_Exercise details_: Copy out the full set of records. Keep every word the same.

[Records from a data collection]
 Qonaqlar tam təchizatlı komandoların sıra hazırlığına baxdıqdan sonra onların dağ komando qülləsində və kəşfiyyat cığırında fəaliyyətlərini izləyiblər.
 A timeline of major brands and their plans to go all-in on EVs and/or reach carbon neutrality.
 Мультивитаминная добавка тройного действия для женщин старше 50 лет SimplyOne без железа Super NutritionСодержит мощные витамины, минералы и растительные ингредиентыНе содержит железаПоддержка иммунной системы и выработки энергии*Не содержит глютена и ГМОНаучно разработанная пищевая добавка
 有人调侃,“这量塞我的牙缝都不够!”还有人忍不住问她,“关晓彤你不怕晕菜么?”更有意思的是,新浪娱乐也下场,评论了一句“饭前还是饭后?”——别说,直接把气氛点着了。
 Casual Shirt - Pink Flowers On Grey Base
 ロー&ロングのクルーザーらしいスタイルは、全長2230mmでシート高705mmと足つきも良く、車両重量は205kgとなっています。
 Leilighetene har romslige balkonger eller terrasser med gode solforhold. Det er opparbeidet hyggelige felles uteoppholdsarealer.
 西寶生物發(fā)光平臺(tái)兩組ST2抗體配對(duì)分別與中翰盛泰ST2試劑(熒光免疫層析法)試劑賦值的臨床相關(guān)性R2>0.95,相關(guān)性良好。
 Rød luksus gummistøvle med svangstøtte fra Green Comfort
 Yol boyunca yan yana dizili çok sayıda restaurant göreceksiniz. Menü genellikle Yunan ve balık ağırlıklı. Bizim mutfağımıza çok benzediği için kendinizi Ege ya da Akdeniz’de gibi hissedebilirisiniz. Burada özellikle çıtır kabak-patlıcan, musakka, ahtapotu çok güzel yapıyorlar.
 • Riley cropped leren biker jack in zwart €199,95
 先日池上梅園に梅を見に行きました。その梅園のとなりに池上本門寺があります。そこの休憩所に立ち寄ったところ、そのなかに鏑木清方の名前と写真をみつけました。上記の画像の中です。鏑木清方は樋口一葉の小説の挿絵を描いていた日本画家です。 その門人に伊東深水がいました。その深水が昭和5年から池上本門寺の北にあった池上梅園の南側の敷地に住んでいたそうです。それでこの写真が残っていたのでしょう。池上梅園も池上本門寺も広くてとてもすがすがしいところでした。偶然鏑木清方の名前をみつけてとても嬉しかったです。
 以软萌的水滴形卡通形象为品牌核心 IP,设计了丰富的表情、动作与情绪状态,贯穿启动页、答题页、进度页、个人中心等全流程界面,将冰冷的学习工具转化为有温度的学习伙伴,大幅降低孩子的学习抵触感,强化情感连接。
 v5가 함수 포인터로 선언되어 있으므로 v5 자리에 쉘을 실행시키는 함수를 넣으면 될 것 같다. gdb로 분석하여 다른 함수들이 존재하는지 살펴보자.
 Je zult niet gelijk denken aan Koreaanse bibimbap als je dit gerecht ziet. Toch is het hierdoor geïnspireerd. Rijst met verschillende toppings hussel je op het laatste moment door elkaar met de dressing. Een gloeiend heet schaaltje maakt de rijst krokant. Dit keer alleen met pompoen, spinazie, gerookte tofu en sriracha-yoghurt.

_Output for this task_:
 Qonaqlar tam təchizatlı komandoların sıra hazırlığına baxdıqdan sonra onların dağ komando qülləsində və kəşfiyyat cığırında fəaliyyətlərini izləyiblər.
 A timeline of major brands and their plans to go all-in on EVs and/or reach carbon neutrality.
 Мультивитаминная добавка тройного действия для женщин старше 50 лет SimplyOne без железа Super NutritionСодержит мощные витамины, минералы и растительные ингредиентыНе содержит железаПоддержка иммунной системы и выработки энергии*Не содержит глютена и ГМОНаучно разработанная пищевая добавка
 有人调侃,“这量塞我的牙缝都不够!”还有人忍不住问她,“关晓彤你不怕晕菜么?”更有意思的是,新浪娱乐也下场,评论了一句“饭前还是饭后?”——别说,直接把气氛点着了。
 Casual Shirt - Pink Flowers On Grey Base
 ロー&ロングのクルーザーらしいスタイルは、全長2230mmでシート高705mmと足つきも良く、車両重量は205kgとなっています。
 Leilighetene har romslige balkonger eller terrasser med gode solforhold. Det er opparbeidet hyggelige felles uteoppholdsarealer.
 西寶生物發(fā)光平臺(tái)兩組ST2抗體配對(duì)分別與中翰盛泰ST2試劑(熒光免疫層析法)試劑賦值的臨床相關(guān)性R2>0.95,相關(guān)性良好。
 Rød luksus gummistøvle med svangstøtte fra Green Comfort
 Yol boyunca yan yana dizili çok sayıda restaurant göreceksiniz. Menü genellikle Yunan ve balık ağırlıklı. Bizim mutfağımıza çok benzediği için kendinizi Ege ya da Akdeniz’de gibi hissedebilirisiniz. Burada özellikle çıtır kabak-patlıcan, musakka, ahtapotu çok güzel yapıyorlar.
 • Riley cropped leren biker jack in zwart €199,95
 先日池上梅園に梅を見に行きました。その梅園のとなりに池上本門寺があります。そこの休憩所に立ち寄ったところ、そのなかに鏑木清方の名前と写真をみつけました。上記の画像の中です。鏑木清方は樋口一葉の小説の挿絵を描いていた日本画家です。 その門人に伊東深水がいました。その深水が昭和5年から池上本門寺の北にあった池上梅園の南側の敷地に住んでいたそうです。それでこの写真が残っていたのでしょう。池上梅園も池上本門寺も広くてとてもすがすがしいところでした。偶然鏑木清方の名前をみつけてとても嬉しかったです。
 以软萌的水滴形卡通形象为品牌核心 IP,设计了丰富的表情、动作与情绪状态,贯穿启动页、答题页、进度页、个人中心等全流程界面,将冰冷的学习工具转化为有温度的学习伙伴,大幅降低孩子的学习抵触感,强化情感连接。
 v5가 함수 포인터로 선언되어 있으므로 v5 자리에 쉘을 실행시키는 함수를 넣으면 될 것 같다. gdb로 분석하여 다른 함수들이 존재하는지 살펴보자.
 Je zult niet gelijk denken aan Koreaanse bibimbap als je dit gerecht ziet. Toch is het hierdoor geïnspireerd. Rijst met verschillende toppings hussel je op het laatste moment door elkaar met de dressing. Een gloeiend heet schaaltje maakt de rijst krokant. Dit keer alleen met pompoen, spinazie, gerookte tofu en sriracha-yoghurt.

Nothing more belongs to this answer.